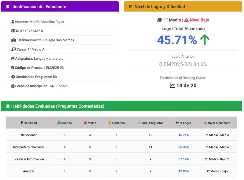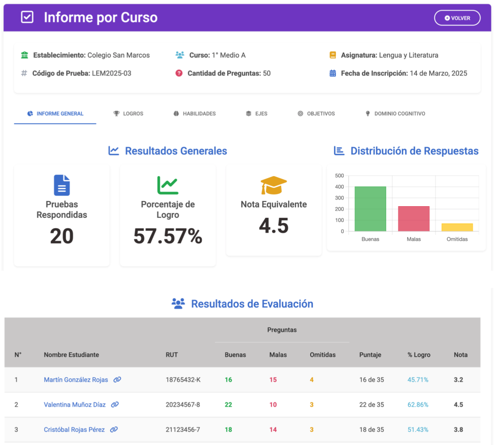 - Ofrece informes para planificar estrategias pedagógicas para cada estudiante o para el curso.
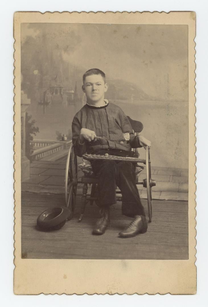 Child appears to have MS. There is a top hat on the ground, as he is playing the xylophone in front of a crowd. Frank Koons Traveling Photographer.
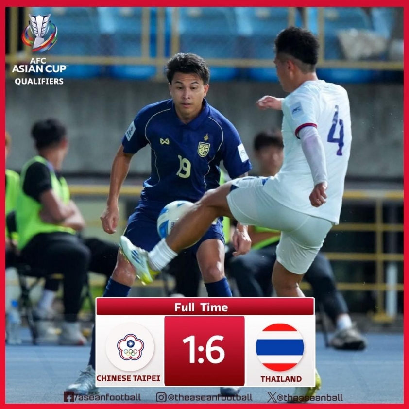 The overwhelming 6-1 triumph over Taiwan strengthened Thailand's lead in Group D and sparked a flood of praise from the Southeast Asian fan community.
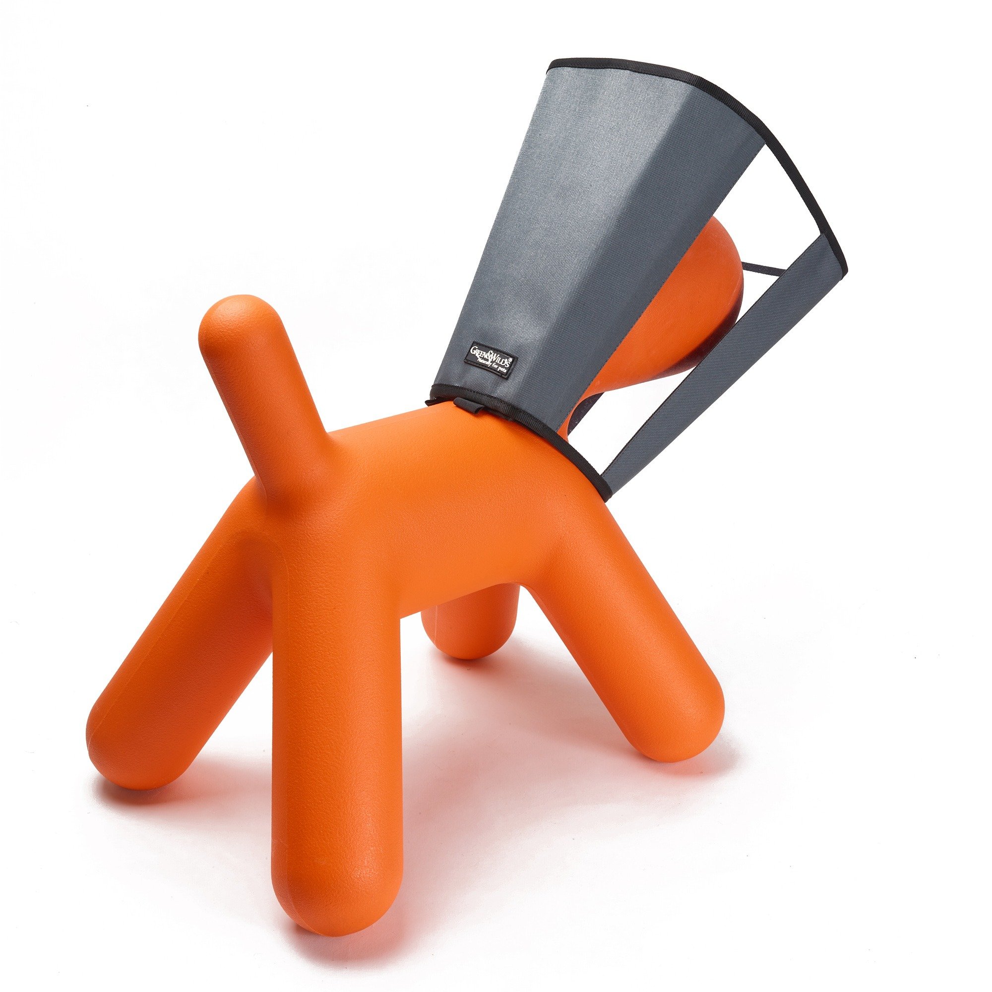 The clear side vision panels help your dog feel less isolated and therefore, less stressed whilst wearing it, and the flexible material aids a more comfortable night's sleep.
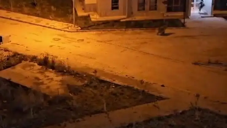 Gece geç saatlerde evine dönmek isteyen bir vatandaş, çöplükte yiyecek arayan boz ayı ile karşılaştı. Ayının bir süre vatandaşın peşinden koştuğu anlar, mahalle sakinleri tarafından cep telefonu ile görüntülendi. Vatandaş, hızla bir binanın içine sığınarak tehlikeden kurtuldu.
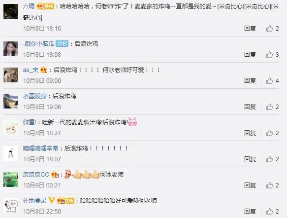 翻开麦当劳官博这支广告片的近300条评论,更多的网友表示了对新产品的期待,“后浪炸鸡!!!!何冰老师好可爱!!!”、“麦麦脆汁鸡!!!!何冰老师来打call啦!”是更多网友的反馈。
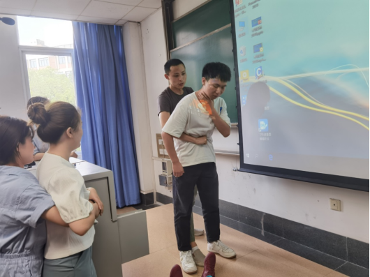 最后,由马克思主义学院的同学们进行实操练习,并由服务队同志在旁指导规范动作。在此过程中,同学们还针对急救问题向服务队队员提问,热情高涨。
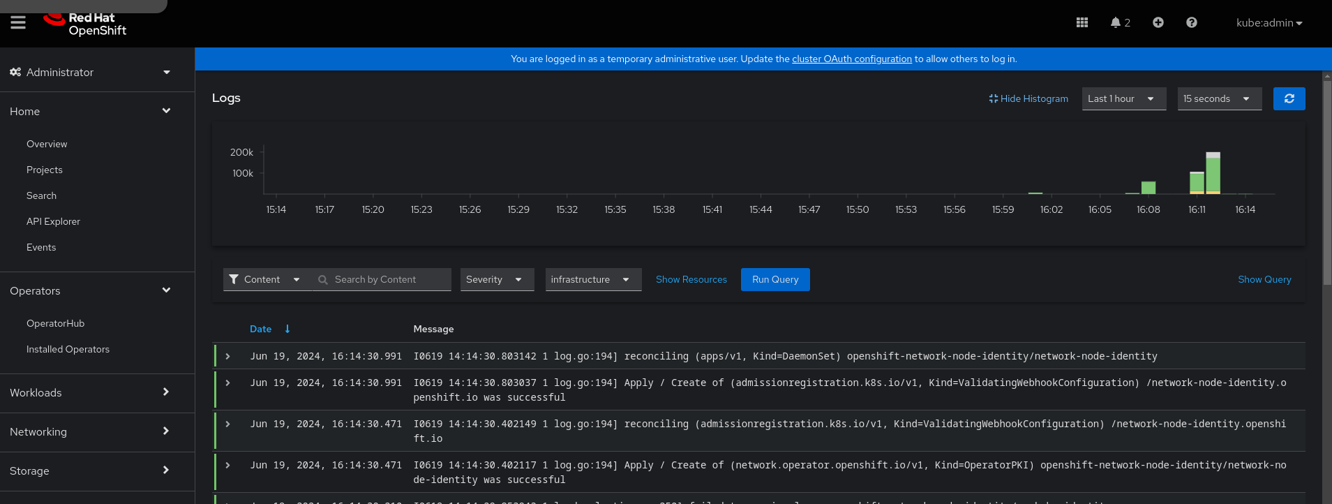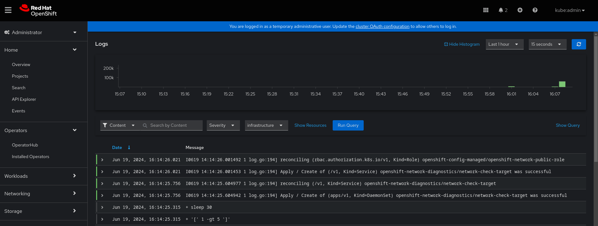 - Navigate to "Observe" -> "Logs" and show the "infrastructure" logs
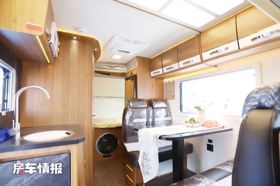 车厢内部整体的通透性还可以,内饰家具也采用了木质的装饰风格,配备了暖色的氛围灯,显得非常的温馨。
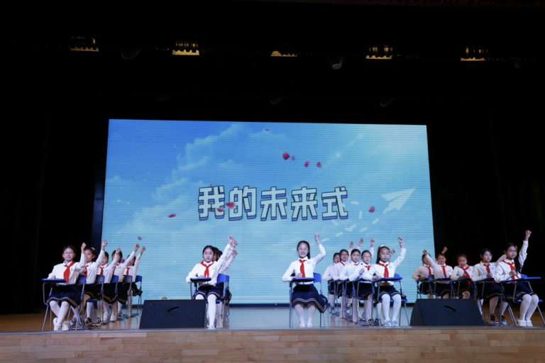 表彰间隙,5.4班带来课桌舞《未来式》,明快的节奏、整齐的动作,展现了少年们的活力与朝气。
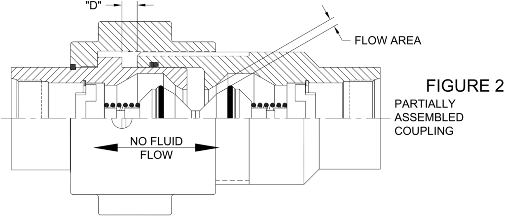 In a partially assembled coupling with sufficient flow forces, the valves ill shift downstream and come to rest on the downstream valve guide. This causes the upstream valve to approach its’ seat. Refer to Figure 3. Note the drastically reduced fluid flow area in this condition. As distance “D” approaches that necessary to close the upstream valve, the pressure drop across that valve will become excessive. This pressure drop results in significant forces being generated which are imparted to the downstream valve guide. Under the right conditions, these forces can cause mechanical damage up to and including failure of the downstream valve guide.
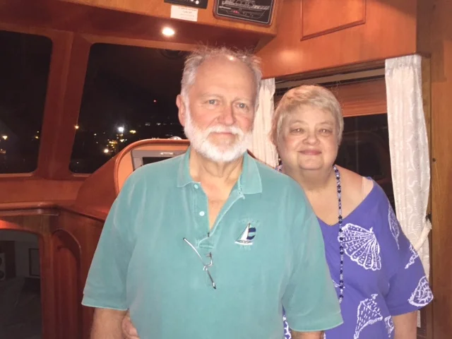 We (Weber Yachts) hosted another very successful sundowner party with two very motivated boat buying couples. We will not deny them the yacht of their dreams. Chris Weber also invited his friends Roy and Stefanie Hodges to join us. Until very recently, Roy was the captain on a 170 Feadship mega yacht and Stefanie was the pursuer and food service manager. You can buy a 1997 Feadship for $30 million. Roy has a home in Eluethra in the Bahamas and gave me lots of navigation and anchorage tips.
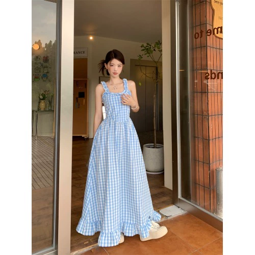 | nameOriginal | Age-reducing retro plaid summer waist-cinching suspender dress |
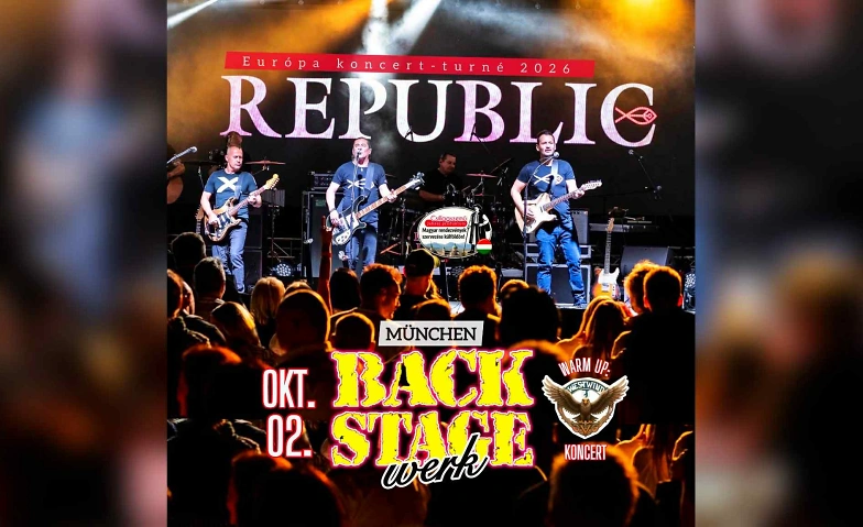 A Republic 2026 őszén útra kel, hogy Európa szívében is felcsendüljenek azok a dalok, amelyek generációkat kötnek össze. 2026. október 2. (péntek) München – Backstage Werk, a legnagyobb terem
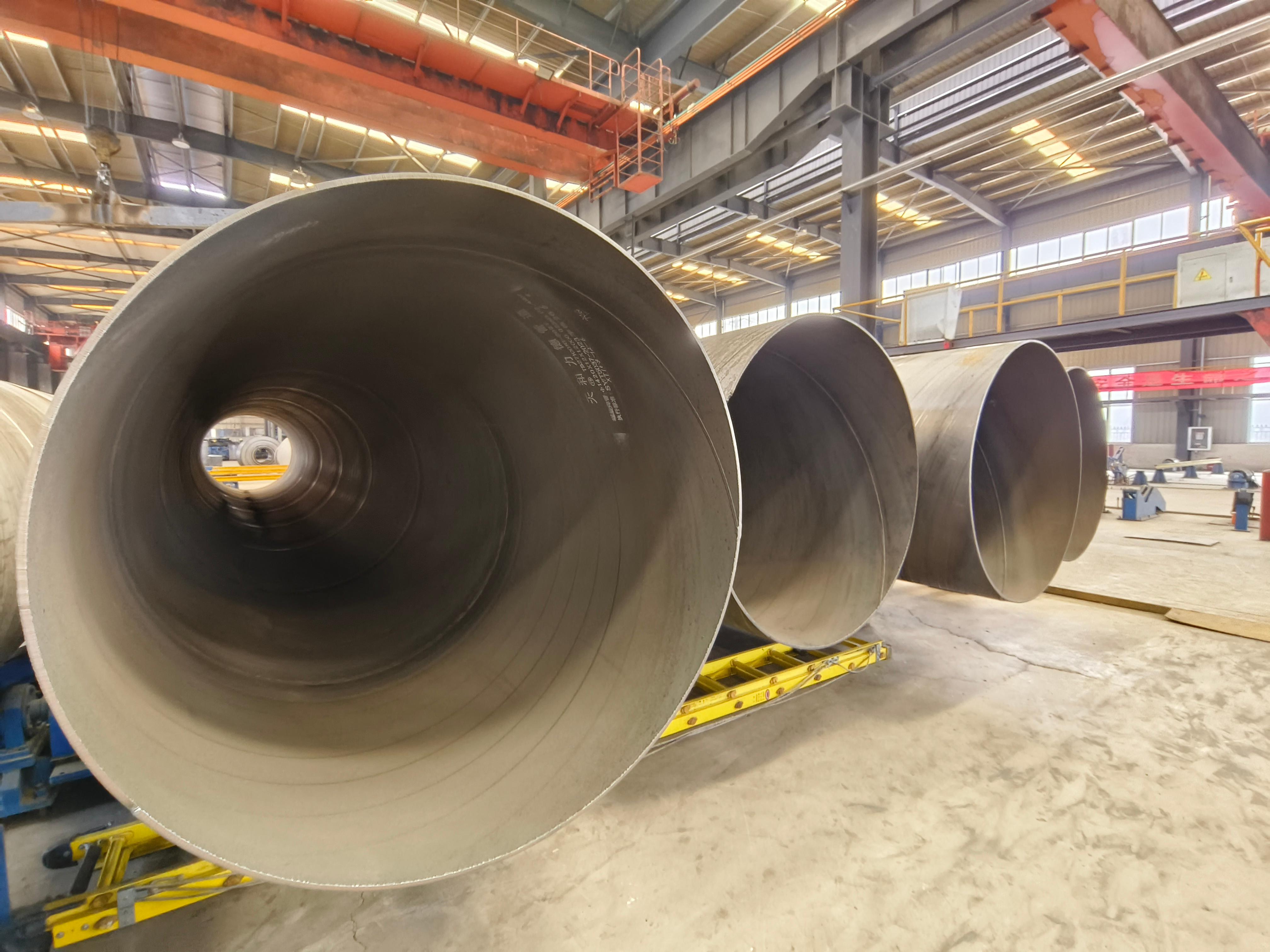 公司占地150000㎡,建筑面积50000㎡,拥有六条符合行业标准的生产线,可生产∮219—3620mm、壁厚6mm—25mm的双面埋弧螺旋焊管,年产能30万吨,同时提供3PE、涂塑复合钢管等防腐配套加工服务。
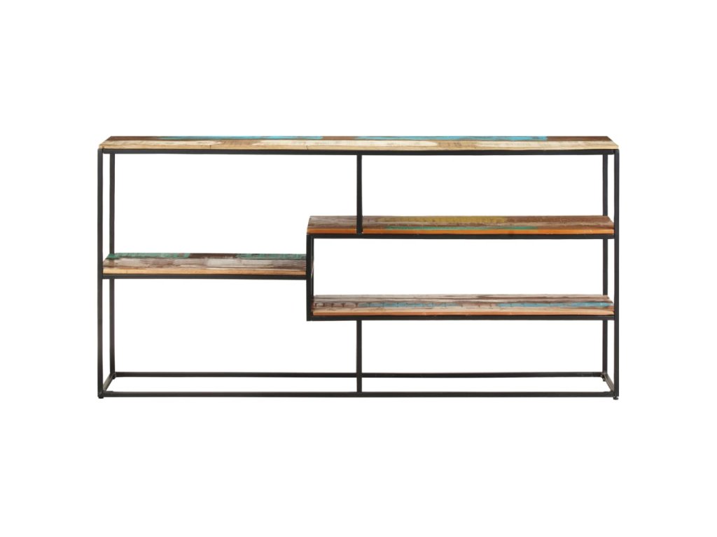 Příborník je vyrobený z masivního recyklovaného dřeva. Takové dřevo může obsahovat různé druhy dřeva, jako je teak, tvrdé dřevo, tropické dřevo, mangovníkové dřevo atd. To znamená, že si recyklované dřevo zachovává vlastnosti těchto různých typů dřeva a každý kus nábytku je jedinečný a odlišný od všech ostatních. Police je dostatečně bytelná a snadno se čistí. Ocelový rám s práškovým nástřikem přispívá k industriálnímu kouzlu tohoto nábytku. Na polici je několik otevřených přihrádek, kam si můžete uložit nebo vystavit vaše hrnkové květiny, koše s občerstvením, knihy, trofeje atd.
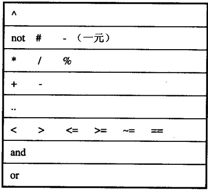 常规关系操作符有:<小于、>大与、<=小于等于、>=大于等于、==相等、~=不等。==和~=可用于任意两个值,若两个值具有不同类型则不相等,有相同类型则作正常比较(nil只与其自身相等)。对于对象则比较它们的引用。

────────

- **Exercise goal**
Set down all of the data word for word; no pictures belong in it.

- **Solution to the problem**
 - Ofrece informes para planificar estrategias pedagógicas para cada estudiante o para el curso.
 Child appears to have MS. There is a top hat on the ground, as he is playing the xylophone in front of a crowd. Frank Koons Traveling Photographer.
 The overwhelming 6-1 triumph over Taiwan strengthened Thailand's lead in Group D and sparked a flood of praise from the Southeast Asian fan community.
 The clear side vision panels help your dog feel less isolated and therefore, less stressed whilst wearing it, and the flexible material aids a more comfortable night's sleep.
 Gece geç saatlerde evine dönmek isteyen bir vatandaş, çöplükte yiyecek arayan boz ayı ile karşılaştı. Ayının bir süre vatandaşın peşinden koştuğu anlar, mahalle sakinleri tarafından cep telefonu ile görüntülendi. Vatandaş, hızla bir binanın içine sığınarak tehlikeden kurtuldu.
 翻开麦当劳官博这支广告片的近300条评论,更多的网友表示了对新产品的期待,“后浪炸鸡!!!!何冰老师好可爱!!!”、“麦麦脆汁鸡!!!!何冰老师来打call啦!”是更多网友的反馈。
 最后,由马克思主义学院的同学们进行实操练习,并由服务队同志在旁指导规范动作。在此过程中,同学们还针对急救问题向服务队队员提问,热情高涨。
 - Navigate to "Observe" -> "Logs" and show the "infrastructure" logs
 车厢内部整体的通透性还可以,内饰家具也采用了木质的装饰风格,配备了暖色的氛围灯,显得非常的温馨。
 表彰间隙,5.4班带来课桌舞《未来式》,明快的节奏、整齐的动作,展现了少年们的活力与朝气。
 In a partially assembled coupling with sufficient flow forces, the valves ill shift downstream and come to rest on the downstream valve guide. This causes the upstream valve to approach its’ seat. Refer to Figure 3. Note the drastically reduced fluid flow area in this condition. As distance “D” approaches that necessary to close the upstream valve, the pressure drop across that valve will become excessive. This pressure drop results in significant forces being generated which are imparted to the downstream valve guide. Under the right conditions, these forces can cause mechanical damage up to and including failure of the downstream valve guide.
 We (Weber Yachts) hosted another very successful sundowner party with two very motivated boat buying couples. We will not deny them the yacht of their dreams. Chris Weber also invited his friends Roy and Stefanie Hodges to join us. Until very recently, Roy was the captain on a 170 Feadship mega yacht and Stefanie was the pursuer and food service manager. You can buy a 1997 Feadship for $30 million. Roy has a home in Eluethra in the Bahamas and gave me lots of navigation and anchorage tips.
 | nameOriginal | Age-reducing retro plaid summer waist-cinching suspender dress |
 A Republic 2026 őszén útra kel, hogy Európa szívében is felcsendüljenek azok a dalok, amelyek generációkat kötnek össze. 2026. október 2. (péntek) München – Backstage Werk, a legnagyobb terem
 公司占地150000㎡,建筑面积50000㎡,拥有六条符合行业标准的生产线,可生产∮219—3620mm、壁厚6mm—25mm的双面埋弧螺旋焊管,年产能30万吨,同时提供3PE、涂塑复合钢管等防腐配套加工服务。
 Příborník je vyrobený z masivního recyklovaného dřeva. Takové dřevo může obsahovat různé druhy dřeva, jako je teak, tvrdé dřevo, tropické dřevo, mangovníkové dřevo atd. To znamená, že si recyklované dřevo zachovává vlastnosti těchto různých typů dřeva a každý kus nábytku je jedinečný a odlišný od všech ostatních. Police je dostatečně bytelná a snadno se čistí. Ocelový rám s práškovým nástřikem přispívá k industriálnímu kouzlu tohoto nábytku. Na polici je několik otevřených přihrádek, kam si můžete uložit nebo vystavit vaše hrnkové květiny, koše s občerstvením, knihy, trofeje atd.
 常规关系操作符有:<小于、>大与、<=小于等于、>=大于等于、==相等、~=不等。==和~=可用于任意两个值,若两个值具有不同类型则不相等,有相同类型则作正常比较(nil只与其自身相等)。对于对象则比较它们的引用。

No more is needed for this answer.